ToucanToco / fastexcel

A Python wrapper around calamine
http://fastexcel.toucantoco.dev/
MIT License
102 stars 6 forks source link

29.02 cell cast to 29.020000000000003 string #289

Open severinh opened 2 days ago

severinh commented 2 days ago

Steps to reproduce

See the Excel file decimal-numbers.xlsx. It contains a column with two decimals:

Decimals
28.14
29.02

Read the Excel file using fastexcel:

read_excel("decimal-numbers.xlsx").load_sheet_by_name("Sheet1").to_polars()
shape: (2, 1)
┌──────────┐
│ Decimals │
│ ---      │
│ f64      │
╞══════════╡
│ 28.14    │
│ 29.02    │
└──────────┘

Looks fine.

Then read the Excel file while casting to strings:

read_excel("decimal-numbers.xlsx").load_sheet_by_name("Sheet1", dtypes={0: 'string'}).to_polars()
shape: (2, 1)
┌────────────────────┐
│ Decimals           │
│ ---                │
│ str                │
╞════════════════════╡
│ 28.14              │
│ 29.020000000000003 │
└────────────────────┘

The expected result was that the strings would be the same as shown to the user in the Excel file:

shape: (2, 1)
┌──────────┐
│ Decimals │
│ ---      │
│ str      │
╞══════════╡
│ 28.14    │
│ 29.02    │
└──────────┘

Wrap-up

I understand this looks like an issue due to floating point precision, and I'm not sure if this:

  1. could be fixed in fastexcel
  2. could be fixed in the underlying calamine.
  3. cannot be fixed at all, since it's a fundamental property of the Excel file format or parsing process.

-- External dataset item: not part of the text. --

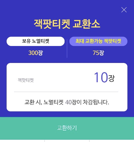 이렇게 모은 노멀티켓은 잭팟티켓으로 교환이 가능하며,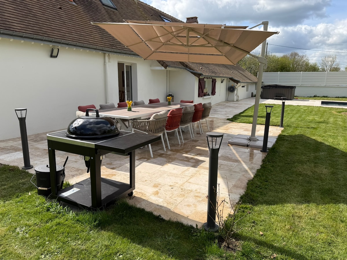 Bienvenue chez nous et faites comme chez vous. Maison pour 8-10 pers (voir plus si supplément) sur 230m2, située à un peu plus d’1h de Paris et à 10min de Center parcs Jardin de 2500 m2 : -SPA 5 personnes -piscine 7m32x3m66 avec une profondeur d’1m32 -Espace enfant composé d’un trampoline enterré, de 2 jeux avec balançoires et de deux cages de foot. -terrain de pétanque de 14 mètres de longueur -préau de 80m2 -table de ping pong -parking privé Pas de frais de ménage, ménage par vos soins.

What's the motivation for filing this bug: In our system, we have highly heterogeneous data, so we have to read all Excel values as strings. However, if users see 29.02 in their Excel files, but 29.020000000000003 in our system, that's highly confusing and surprising to users.

What do you think?

PrettyWood commented 2 days ago

Hello @severinh Always great to have a clear bug issue with file and clear explanation thank you! I checked quickly and indeed it feels hard to fix on fastexcel side

In src/data.rs, in create_string_array function we simply do

cell.as_string()

Even with

cell.get_float().map(|v| v.to_string())

or

cell.as_f64()

we get the same behavior with this floating precision issue and AFAIK there is no way for us to get more info on the original input. I'll try to dig on calamine side tonight

EDIT: quick check on calamine

    inner: [
        SharedString(
            "Decimals",
        ),
        Float(
            28.14,
        ),
        Float(
            29.020000000000003,
        ),
    ],

when reading the xml content we get

BytesText { content: Borrowed("29.020000000000003") }

so I guess it goes even further directly in the xml content 😞